Peregrine Trial – Week 16

Comments by Bob Grimes

July 23, 2007

Today the jury deliberated from 8:30 a.m. to 1:30 p.m. They sent Judge Whelan a note requesting further explanation of the numbering system of the exhibits. The volume of e-mails, contracts, and other documentary exhibits in this case is overwhelming, and the jury apparently is still trying to organize them. This request from the jury is not at all illuminating on the question of whether they may be inclined at this point in their deliberations to favor the Government, or some or all of the defendants. However, it is an indication that they are still hard at work.

Tomorrow they return to resume their deliberations at 8:30 a.m.

July 24, 2007

The jury of six men and six women continued to deliberate today, and will return tomorrow at 8:30 a.m. The Foreperson of the jury is Juror #11. She was seated in the front row, and was one of several jurors who took a lot of notes during the trial. Judge Whelan has sealed the list of the jurors’ names, to protect their privacy.

July 25, 2007

The jury deliberated today from 8:30 a.m. to 3:00 p.m. They asked that lunch be brought into the jury room, so that they can work through lunch. They had no notes and no questions today, and will return to continue their deliberations at 8:30 a.m. tomorrow.

July 26, 2007

Today the jury deliberated from 8:30 a.m. to 3:00 p.m., and once again they worked through the lunch hour.

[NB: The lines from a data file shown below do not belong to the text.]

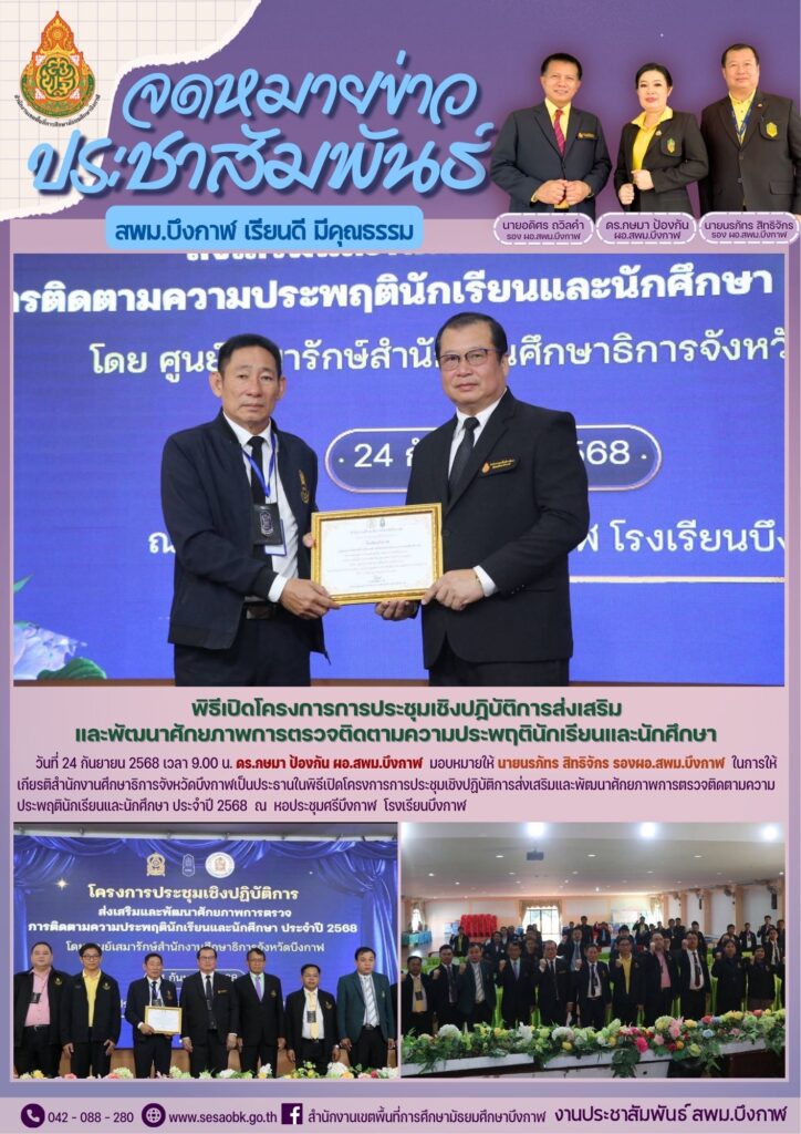จดหมายข่าว สพม.บึงกาฬพิธีเปิดโครงการการประชุมเชิงปฏิบัติการส่งเสริมและพัฒนาศักยภาพการตรวจติดตามความประพฤตินักเรียนและนักศึกษา ประจำปี 2568 Leave a Comment / จดหมายข่าว สพม.บึงกาฬ / นางสาววริศรา ธรรมลี
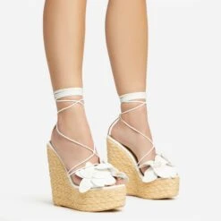 EGO Beggin Lace Up Diamante Strap Detail Square Toe Wedge Heel In Silver Faux Leather
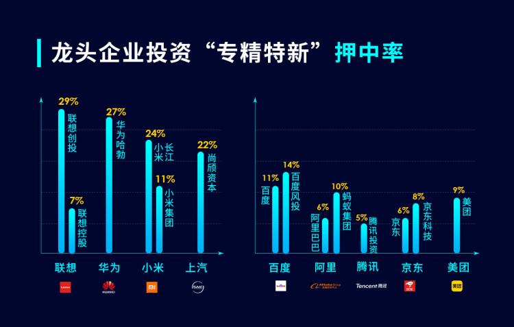 事实上,龙头企业对“专精特新”中小企业的引领带动作用已经得到验证。李毅中文章数据显示,近年来在产业投资领域最活跃的25家龙头企业,共计投出了近400家“专精特新”。许多被投资的初创企业正是由于得到龙头企业在资金、订单、技术等方面的大力扶持,才快速成长为“专精特新”。在上榜的25家机构中, 联想、华为、小米、上汽,4家龙头旗下的产业投资机构居“专精特新”投中率前4名,投中率均超过了20%。也就是说,它们每入股5家企业,就诞生了至少1家“专精特新”。

This was their tenth day of deliberation. There have been no communications from the jury upon which any inferences could be drawn about which way they are leaning, or if there is a significant disagreement among them. Tomorrow will be the conclusion of over two full weeks of deliberations, and it is also a Friday. On Fridays, trial lawyers worry that there may be a tendency to compromise, to reach a verdict and get the case over with. The lawyers do not want compromise. The lawyers want each of the jurors to reason with and listen to the others, but then render their own individual judgment as to each count for each defendant. This is what Judge Whelan instructed the jury to do, and throughout the three months of testimony in this case they have given every appearance of being a conscientious group of citizens.

Tomorrow the jury will resume deliberations at 8:30 a.m.

July 27, 2007

As this day of deliberations was winding to an end, the jury sent a note to Judge Whelan that they were unable to come to a unanimous decision on any of the four defendants, Joe Reichner, Gary Lenz, Patrick Towle, and Dan Stulac.

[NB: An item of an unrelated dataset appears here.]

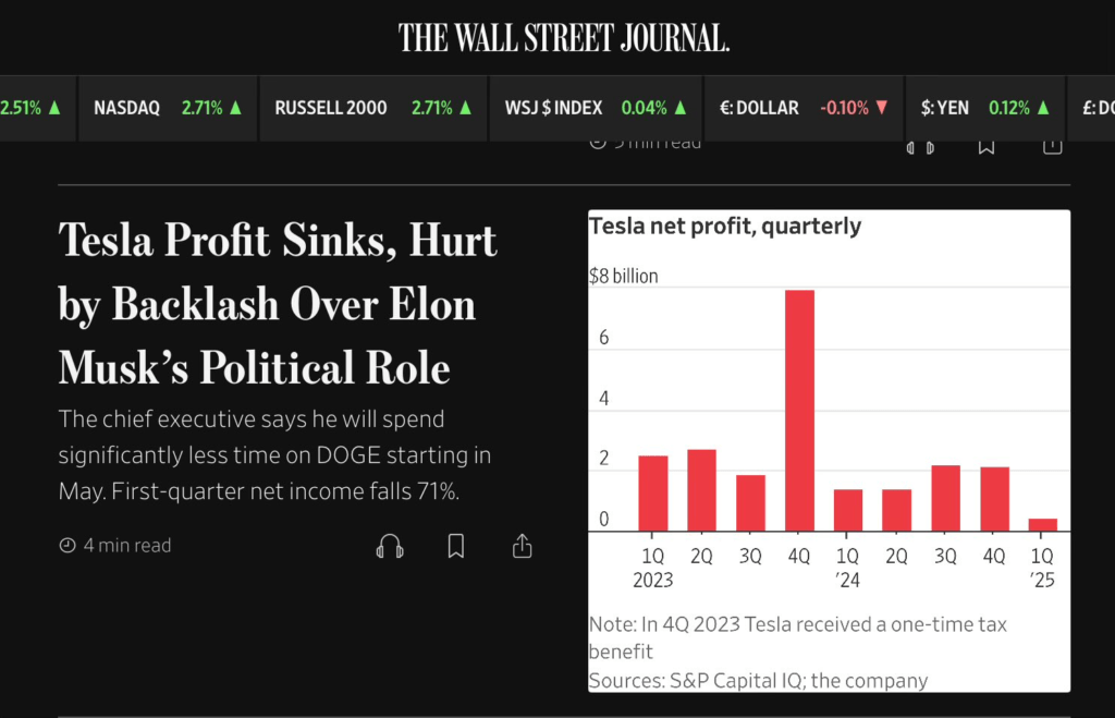 Tesla vio caer su beneficio neto un 71% interanual en el primer trimestre de 2025, «un desplome que se atribuye, entre otros factores, a las actividades políticas de su CEO, Elon Musk».
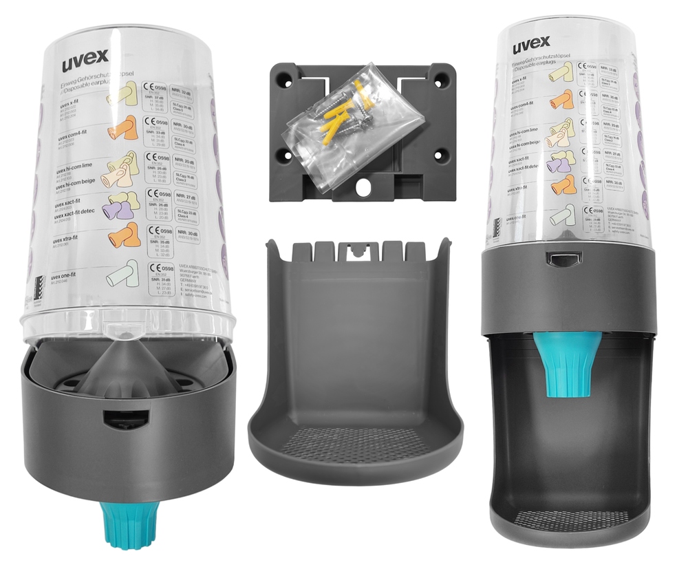 uVex One 2 Клацніть 2112.000 Вставити дозатор . Простий у використанні, твердий дозатор, встановлений на стіні. Легка установка, механізм контролю з добре -чітким "одним 2 клацанням" забезпечує лише необхідну кількість вилків. Диспензатор має можливість постачати великі виробничі площі, має до 600 одноразових вух. Корисно в місцях та галузях, де є ризик пошкодження слуху або необхідність захисту слухань для працівників чи клієнтів. Колективні дозатори повинні розміщуватись у визначених областях, які забезпечують легкий доступ до пробки. колір: сірий/ прозорий. Вага: 1,1 кг. Розміри: Висота: 475 мм/ ширина: 165 мм/ глибина: 190 мм. Матеріал: PP (поліпропілен). Кріплення: для настінних гвинтів. Обладнання: Unswood . Будівництво: дозатор для кріплення настін, три основні деталі: настінна кріплення, прозора контейнер для вух з храповим колесом та колективним лоток. Застосування: Промисловість переробки - на фабриках, виробничих установах, промислових установах, будівництві - на будівельних майданчиках, особливо там, де машини або інструменти, що генерують великий шум, авіаційна промисловість - в зонах наземних служб в аеропортах, автомобільній промисловості - виробничі заводи, ремонтні майстерні та інші місця, пов'язані з автомобільною промисловістю, де шум, що генерується машинами чи інструментами, може бути проблемою.

Judge Whelan called the jury into the courtroom, and asked if any of them thought that it would be productive for them to have any additional instructions of law or for them to engage in any further deliberations. No juror thought that any further deliberation would change the deadlock. Judge Whelan told them that it would be very hard to adequately express his gratitude, not just on behalf of the court and the parties but all of the citizens of this District. Judge Whelan remarked that he could tell how conscientious they had been during the three months of testimony and over two weeks of deliberations. A status date was scheduled for Monday, August 27, 2007, at 9:00 a.m.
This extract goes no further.